= Vini TV =

Satellite and IPTV subscription television operator in French Polynesia

Vini TV is the name of a satellite and IPTV subscription television operator in French Polynesia, created in 2000 under the auspices of TPS and currently owned by the OPT Group. Since its beginning, it operated services by satellite using Intelsat 701, but starting in 2018, it began offering the same service on fiber, using the Vinibox decoders.

==History==
The French Polynesian pay-TV market began on 22 December 1994 with the local launch of Canal+ followed by Téléfénua (put into liquidation and closed in 2003), an MMDS operator, on 6 May 1995.

The satellite operator Tahiti Nui Satellite began its operations under OPT jurisdiction on 29 June 2000. In September, it made its commercial launch using the Intelsat 701 satellite, with uplinking from Globecast.
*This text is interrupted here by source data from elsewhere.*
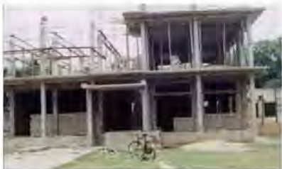
Long Block during construction
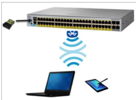
Figure 2. Over-the-air switch access using Bluetooth
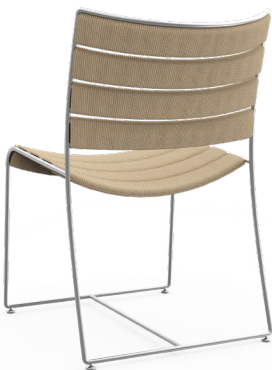
CORD dining chair

The Cord collection consists of a sun lounger, a low armchair, a chair and a dining table with a porcelain material top, with which you can design both rest areas and dining areas.
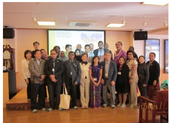
Group photograph at Special nursing home Kiyama
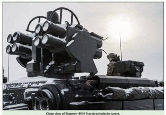
Close view of Stormer HVM Starstreak missile turret.

The launch offer featured several mainland French channels, mostly owned by TPS (Teletoon, Infosport, Odyssée, LCI, M6 Music, M6, Cinéstar 1, Cinéfaz, Sérieclub, Cinétoile) as well as two local channels (Matavision and Tahiti Nui TV and radio stations Radio Nostalgie, Rire et Chansons and Europe 2. Channels were uplinked from the Sylmar earth station to Intelsat 701. The two RFO channels (Télé Polynésie and Tempo) were being tested in January 2002. In July that year, a contract was signed with Telecom Cook Islands to provide its satellite service to remote islands of the Cook Islands. TNS would have to carry three channels in English: Cartoon Network, TCM and CNN.

The provider began preparing its HD service in the third quarter of 2009 with a supply agreement from Thomson.

In June 2012, TNS added the OCS package during its overseas launch. TNS moved from MPEG-2 to MPEG-4 on the early hours of 4 June that year. Plans to include an educational channel in English were in an initial stage, with a launch planned for the second half of 2013; the operator also planned to add channels from the wider Pacific region. In line with these changes, it added a total of eighteen new channels and lured subscribers dissatisfied with Canal+ Polynésie's unsatisfactory cost-quality relations.

On 1 February 2024, TF1 and M6 were moved to the Canal+ Polynésie offer, which operates by arrangement with Vini.